# baking soda and lemon juice.



## felicity (Jun 19, 2006)

mishkin has very slight staining near his eye's, you can hardly see it after he's had a wash but it also gets hidden behind his hair, anyway, i decided to try some baking soda and lemon juice to see if i could lighten it and it really worked for him, the stainings actually gone, not sure how it worked like that because it's only supposed to lighten it i think.

his face also smells better, he gets a very faint musky smell around his eye's but now he smells like lemon









i also have a question, when do puppies start teething badly? mishkin is 14 weeks and three days now and i don't know when or if it's started?


felicity


----------



## lorraine (Jun 24, 2006)

I used that for a while and it worked quite well to lighten slight stains, particularly when in the sunlight. Just like the ladies who use lemon juice to get sun-streaks in their hair.









I've recently started this Milk of Magnesia thingy talked about on the forum, but I'm using lemon juice instead of medicinal peroxide - silly, maybe, but I can't bring myself to use the peroxide - results are better/more noticeable but the cornstarch makes the concoction is a real nuisance to get out completely.


----------



## felicity (Jun 19, 2006)

iv'e heard of the milk of magnesia method but have no idea where to buy milk of magnesia lol, the lemon juice and bicarb has worked great so far so i'll stick with that for now.

i use cornstarch to dry mishkin's face, lately he's been getting a wet face maybe twice a day and the cornstarch makes his face fresh and dry again, it is a bit of a pain to remove lol and even when i think i have all the cornstarch out i'll brush again and find a little bit more but it's better than having a wet face, is a wet face a sign of teething? he's only had it for maybe a week now, before that he had a dry face every day except a tiny bit around his eye's.

i wouldn't use peroxide either, i'd be too scared it would hurt his eye's.
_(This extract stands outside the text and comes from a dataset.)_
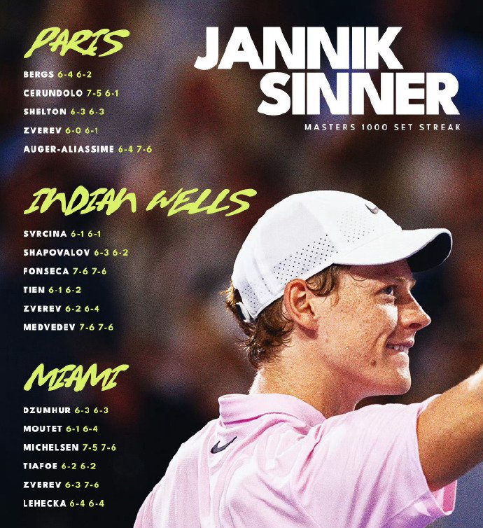 这是辛纳获得的第7个大师赛冠军、第26个单打冠军。同时,辛纳也刷新了多项纪录。这是他在大师系列赛上获得的34盘连胜,大幅领先排在第二位的德约科维奇(24盘),高居榜首;他还是第8位在同年包揽“阳光双冠”的男子球员,比肩考瑞尔、张德培、桑普拉斯、里奥斯、阿加西、费德勒、德约科维奇等前辈,而且他还是历史上首位不失一盘拿下“阳光双冠”的人,创造了新纪录。

does anyone know when the really bad tear staining assosiated with teething starts? do they all get it? mishkin seems pretty good so far but he may not be teething yet because i don't know what age it starts.



felicity


----------



## Jeana (Sep 3, 2006)

My dog has pretty bad tear staining and has always had some but it was really bad by about 6 or 7 months and it has not went away I think he has got most of his new teeth in, but he has one tooth that is fully grown in and his baby tooth is still in front of it. I wont come out so I have an appt the 16th to get it pulled







Im a little scared about that. Has anyone ever had to do that? what i was wondering is if that could be causing his severe staining? I just purchased tylan and im going to wait till his tooth is pulled to start it, but he is about 9 1/2 mo. right now, is he old enough to start the tylan?


----------



## felicity (Jun 19, 2006)

i haven't had any experience with getting doggy teeth out but i hope it all goes okay, is it common in maltese to have to get the baby teeth pulled out at the vet?


----------



## maltsmom (Feb 10, 2005)

I just had Jack at the vet to have a tooth pulled and have his teeth cleaned. I thought he cracked a tooth, but when they put him to sleep, it turned out to be a baby tooth with a new tooth coming in under it. He is 2 1/2 years old. go figure. He also has bad tear stains and am wondering if they will now go away. I am also waiting to start tylan but I think i will give it about a month to see if the new hair coming in will be lighter. That would be great!


----------



## paris (Apr 8, 2005)

Paris had 11 or 12 baby teeth pulled when she was spayed at six months. She did stain more while teething.


----------



## Jeana (Sep 3, 2006)

> I just had Jack at the vet to have a tooth pulled and have his teeth cleaned. I thought he cracked a tooth, but when they put him to sleep, it turned out to be a baby tooth with a new tooth coming in under it. He is 2 1/2 years old. go figure. He also has bad tear stains and am wondering if they will now go away. I am also waiting to start tylan but I think i will give it about a month to see if the new hair coming in will be lighter. That would be great!
> 
> 
> 
> ...


My malts name is Jack too...







What should i expect when i get him back from the vet. like what behavior is normal and what should i be worried about, if anything.


----------



## jude'n'jools (Apr 6, 2006)

> i haven't had any experience with getting doggy teeth out but i hope it all goes okay, is it common in maltese to have to get the baby teeth pulled out at the vet?[/B]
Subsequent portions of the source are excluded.